Work to be completed:
What is needed is an exact repetition of the lines below, from the first one through the one holding "Shiba Inun hinta, jonka", with no pictures and nothing else.

== Segment start ==

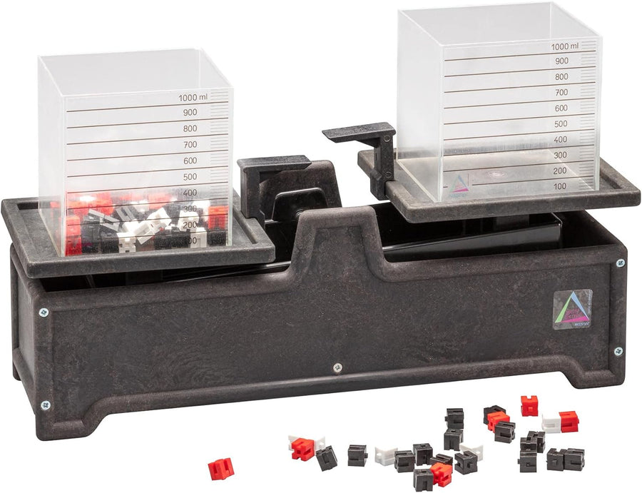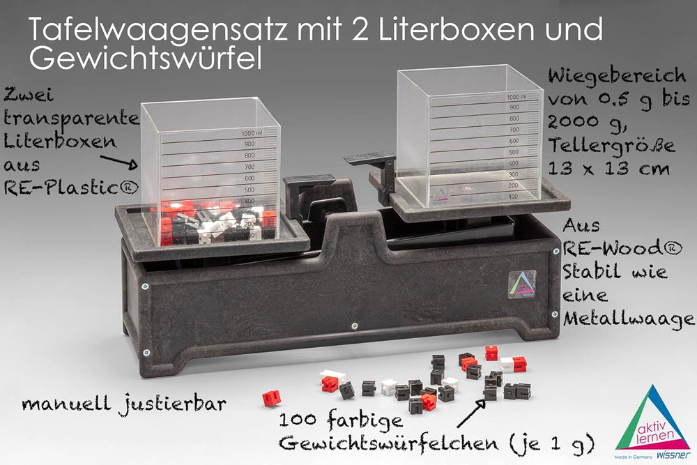 WISSNER 070120.000 aktiv Lernen-Tafelwaage mit 2 Literboxen und Gewichtswürfel-RE-Wood, Mehrfarbig
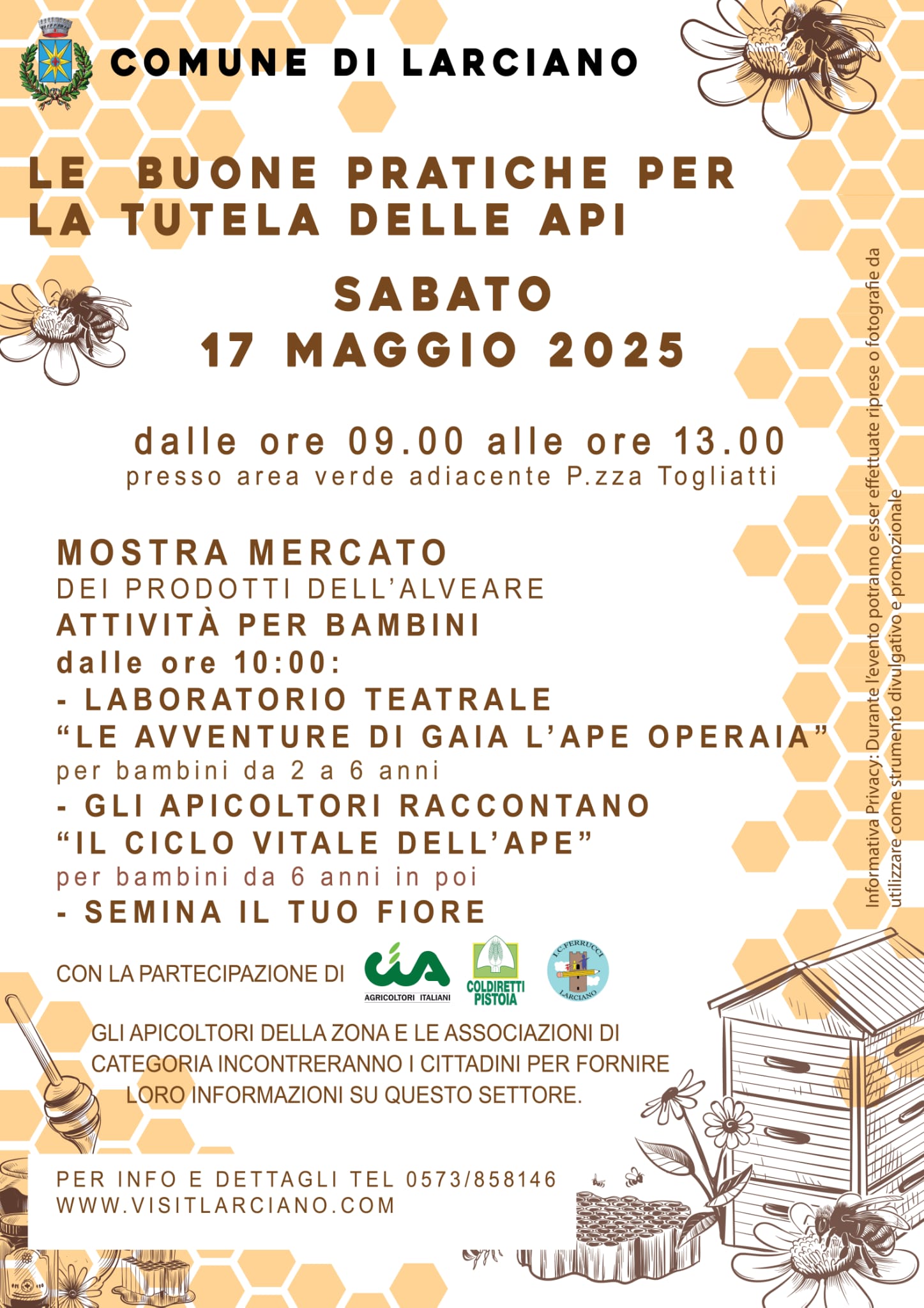 Sabato 17 maggio 2025, dalle 9 alle 13, presso l’area verde adiacente a Piazza Togliatti a Larciano, si terrà l’iniziativa Le buone pratiche per la tutela delle api, una mattinata dedicata alla sensibilizzazione sul ruolo fondamentale di questi insetti per l’equilibrio ambientale.
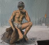 El proyecto de Tiago Baptista (Leiria, 1986) obliga también al visitante a realizar un esfuerzo para obtener una recompensa. En sus obras, la realidad y la ficción se mezclan y se transforman en algo imposible de distinguir. Representa al hombre como un agente pasivo, que acepta los cambios como algo necesario e inmutable, en un mundo por venir y al que no queremos mirar, pero también «se habla de las relaciones que los individuos establecen entre sí y con el espacio», asegura. En sus pinturas hace guiños a la historia de la pintura, por ejemplo a Velázquez.
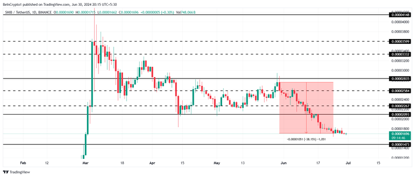 Shiba Inun hinta, jonka arvo on 0,00001696 dollaria, kärsii kesäkuun aikana havaitusta lähes 40 prosentin laskusta. Kun meemikolikko putosi konsolidointivyöhykkeeltä 0,00002584–0,00002267 dollarin välillä, se loi tilaa tappioille.
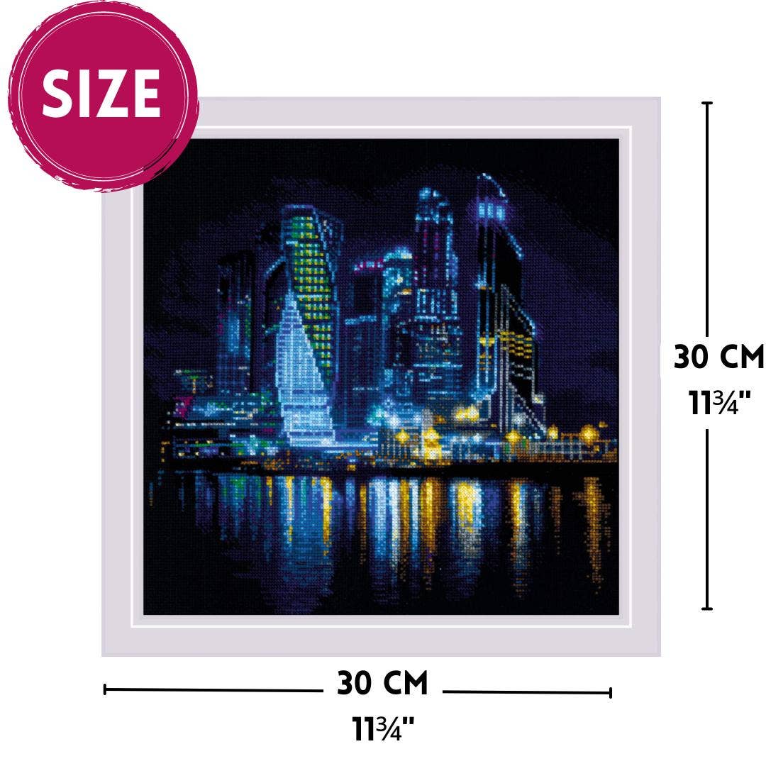 Descubre la belleza urbana con el kit de punto de cruz RIOLIS “Ciudad Nocturna”, un diseño espectacular que captura una vista panorámica de imponentes rascacielos iluminados reflejándose en el mar bajo el cielo nocturno.
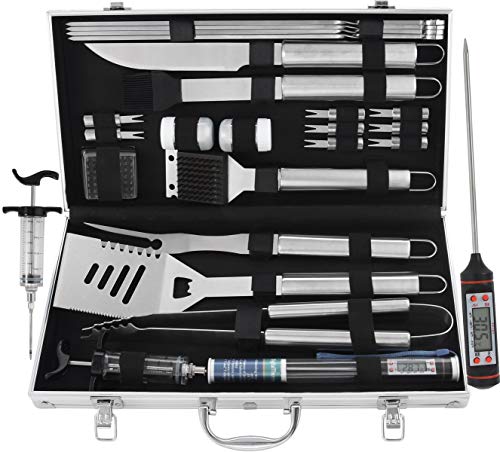 grilljoy BBQ Grill Tool Set, 24pcs Stainless Steel BBQ Accessories in Aluminum Case, Premium Complete Outdoor BBQ Utensil Gift Set for Man
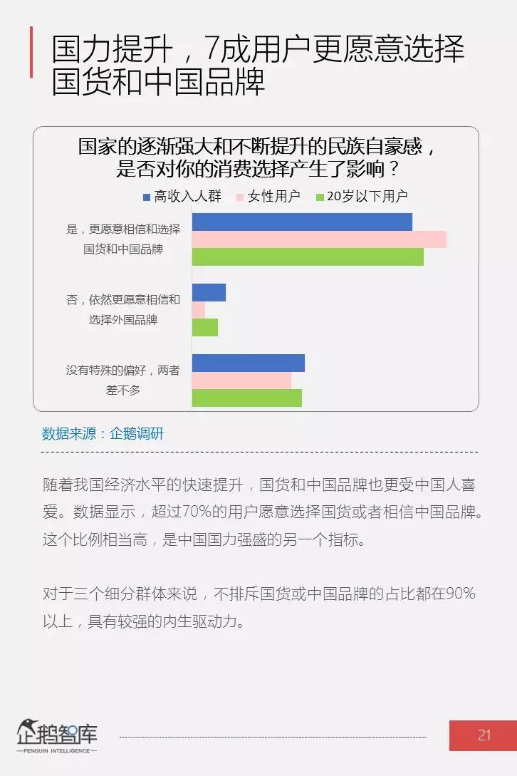 新闻资讯类用户对国力提升的感知度和中国制造的信任度很高,七成用户更愿意相信国货和中国品牌。
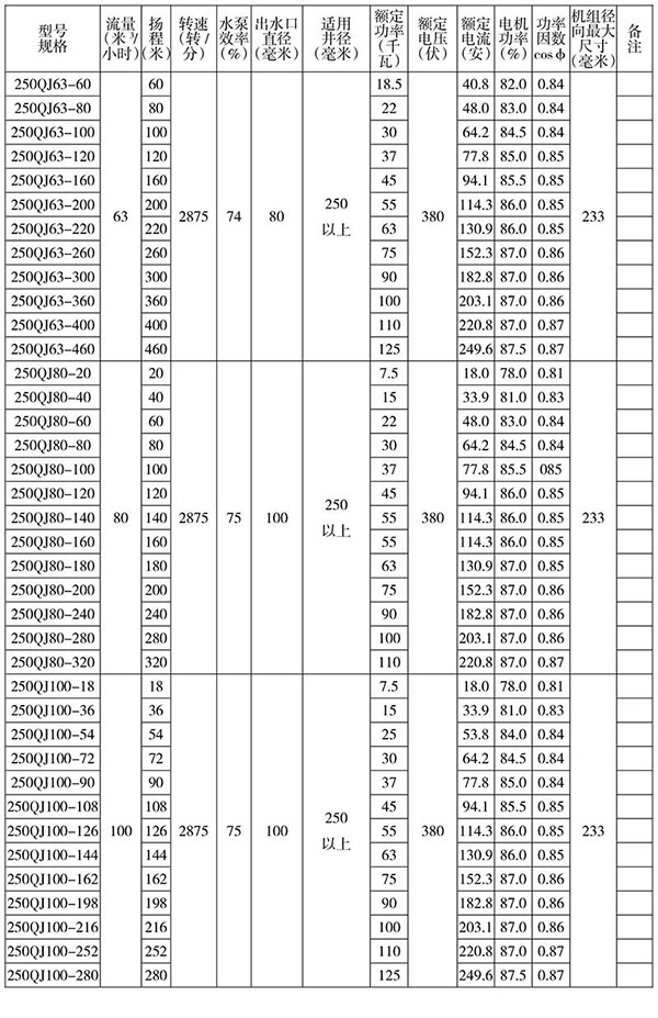 QJ(R) 型號特征:井用潛水電泵(熱水)

== Segment end ==

Answer to this task:
 WISSNER 070120.000 aktiv Lernen-Tafelwaage mit 2 Literboxen und Gewichtswürfel-RE-Wood, Mehrfarbig
 Sabato 17 maggio 2025, dalle 9 alle 13, presso l’area verde adiacente a Piazza Togliatti a Larciano, si terrà l’iniziativa Le buone pratiche per la tutela delle api, una mattinata dedicata alla sensibilizzazione sul ruolo fondamentale di questi insetti per l’equilibrio ambientale.
 El proyecto de Tiago Baptista (Leiria, 1986) obliga también al visitante a realizar un esfuerzo para obtener una recompensa. En sus obras, la realidad y la ficción se mezclan y se transforman en algo imposible de distinguir. Representa al hombre como un agente pasivo, que acepta los cambios como algo necesario e inmutable, en un mundo por venir y al que no queremos mirar, pero también «se habla de las relaciones que los individuos establecen entre sí y con el espacio», asegura. En sus pinturas hace guiños a la historia de la pintura, por ejemplo a Velázquez.
 Shiba Inun hinta, jonka arvo on 0,00001696 dollaria, kärsii kesäkuun aikana havaitusta lähes 40 prosentin laskusta. Kun meemikolikko putosi konsolidointivyöhykkeeltä 0,00002584–0,00002267 dollarin välillä, se loi tilaa tappioille.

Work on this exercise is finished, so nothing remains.